Thursday, October 4, 2007

L.L.Bean and the "Desert of Maine"






One simply cannot go to Maine without visiting the merchant of Maine – Leon Leonwood Bean – who practically commands the entirety of the town of Freeport, Maine. The rest of the town clings on to Bean's coattails – there's a Lenox outlet, a Tommy Hilfiger outlet, a Brooks Brothers outlet, and on and on . . .

We ate lunch at the Azure Café' just two doors up the street (from L.L.Bean). After I took a picture of Clara in the outdoor café' setting, and she one of me, a gentleman from a nearby table came over and offered to take this one of us together, saying that he had seen what we were doing and that he and his wife had many pictures of one or the other, but few of them together . . .

Before leaving the Azure we inquired about the meaning and origin of the name "Azure," knowing already that it was a shade of blue, but curious since the subtitle was "An Italian Café'" and doubting that "Azure" had any connection to the Italian language. We were assured that it was indeed Italian, and probably Spanish as well; however, a later check with Etymology Online revealed that it was from Old French around the 1300's, as a corruption of an Arabic phrase describing "lapis lazuli," the stone with the blue color.

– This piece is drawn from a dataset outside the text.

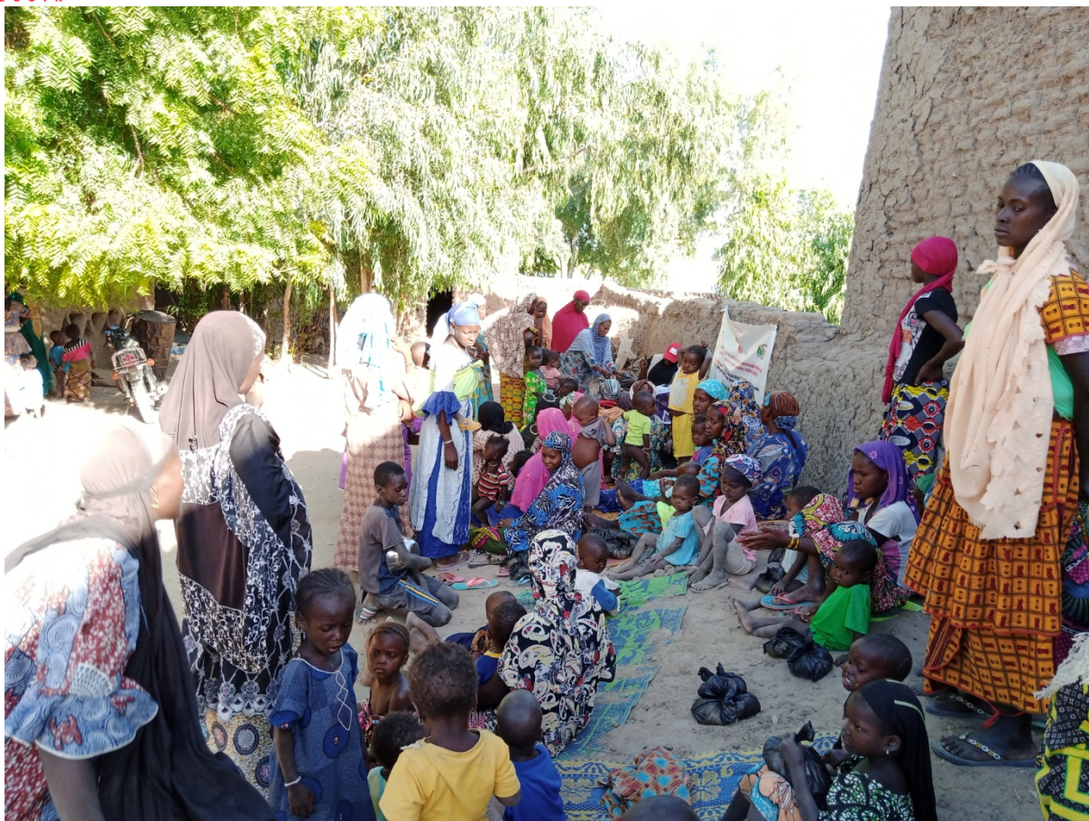
Séance de sensibilisation à Kondi

It's getting interesting to compare our morning plans with our afternoon outcomes – so far this week they have not even come close – not even once. But fate is sometimes fortuituous – our camping spot for the evening had an unexpected surprise – a spot of honest-to-God sandy desert right in the midst of all the trees and dense vegetation of Maine. So the story goes, a glacier cut through here some 20,000 or so years ago and left behind some glacial debris in the form of about a hundred acres of pure sand dunes – ain't that sumpin'?

As a final topper to it all, we find the most colorful tree we've seen to date, right on the edge of all that sand!